今回の追加オークションでは応札不足により、需要曲線と供給曲線が交差しなかったため、供給曲線の終端の直上に位置する需要曲線上の点を「仮想交点」とし、約定処理での「交点」は「仮想交点」が用いられた。
今回の追加オークションにおいて、需要曲線と供給曲線の交点(今回は仮想交点)における全国の「供給信頼度」は0.088kWh/kW・年となった。供給信頼度とは需要1kWあたりの年間供給力不足電力量(kWh/kW・年)の期待値(EUE)を表す指標であり、この数値が大きいほど停電量(停電の可能性)が大きいことを意味している。
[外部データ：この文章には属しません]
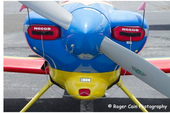
Van's RV-3 Engine Plugs
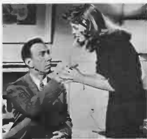
Julie and Jose Ferrer in U.S. The Great Man
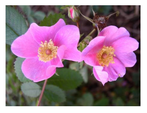
Rosa californica CALIFORNIA ROSE
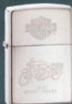
No. 250HD H105 High Polish Chrome 1910 Sport Model
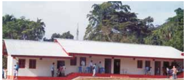
Reconstructed school at Korang Nalah A & N by BJS
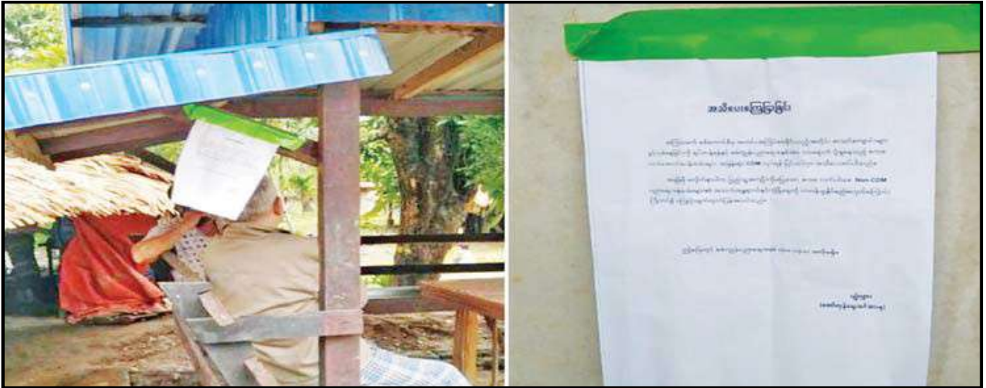
The threatening letter to the teacher pasted by terrorists at the Basic Education High School (Taung Soun) in Ye Township
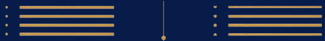
R1 Spaghettini 12 mm
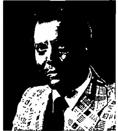
Raymond E. Fowler

Here is a provocative work that dares to respond to the ultimate question for any follower of UFO and extraterrestrial phenomena: Why are they here? Based on amazing new discoveries, The Watchers presents an answer that will shock and startle you.
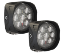
Part Number 0555003 12V LED Work Light Kit with Flood Beam Pattern - Kit of 2
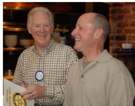
A warm welcome
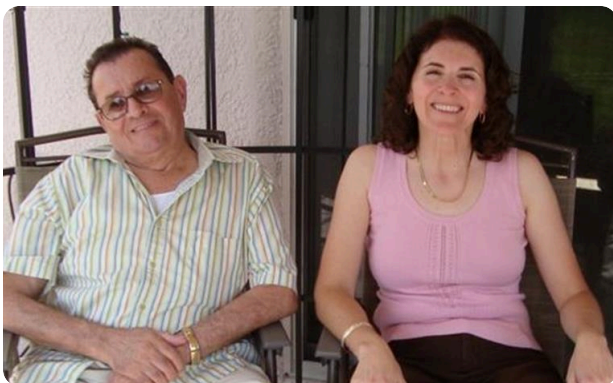
Dad & me during Easter
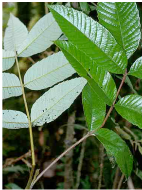
37 Brunellia BRUNELLIACEAE
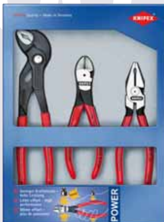
Modell 00 20 10:
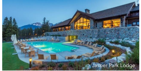
Jasper Park Lodge
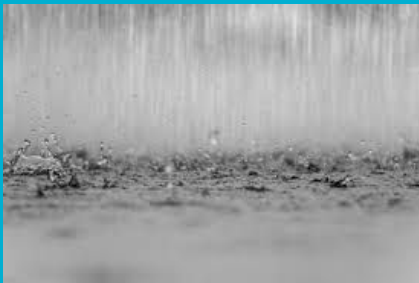
Raining = “Ame ga futte imasu” 雨が降っています

表5のように、全国の供給信頼度を下回る(数値は0.088を上回る)北海道が不足ブロック(エリア)となったが、追加できる電源がないため、不足状態のまま約定処理を終了した。
追加オークションの応札容量は全国合計で458万kWであり、昨年度の追加オークションの応札容量988万kWと比べて大きく減少した。応札容量を電源等の区分別に見ると、安定電源が369万kW(80.5%)、変動電源(単独)が5万kW(1.1%)、変動電源(アグリゲート)が37万kW(8.1%)、発動指令電源が47万kW(10.3%)であった。
すべてのエリア、すべての電源等区分において、落札率は100%であった。なお、2023年度メインオークション(実需給2027年度)の落札率は97.6%、昨年の追加オークション(対象実需給年度:2026年度)の落札率は84.0%であった。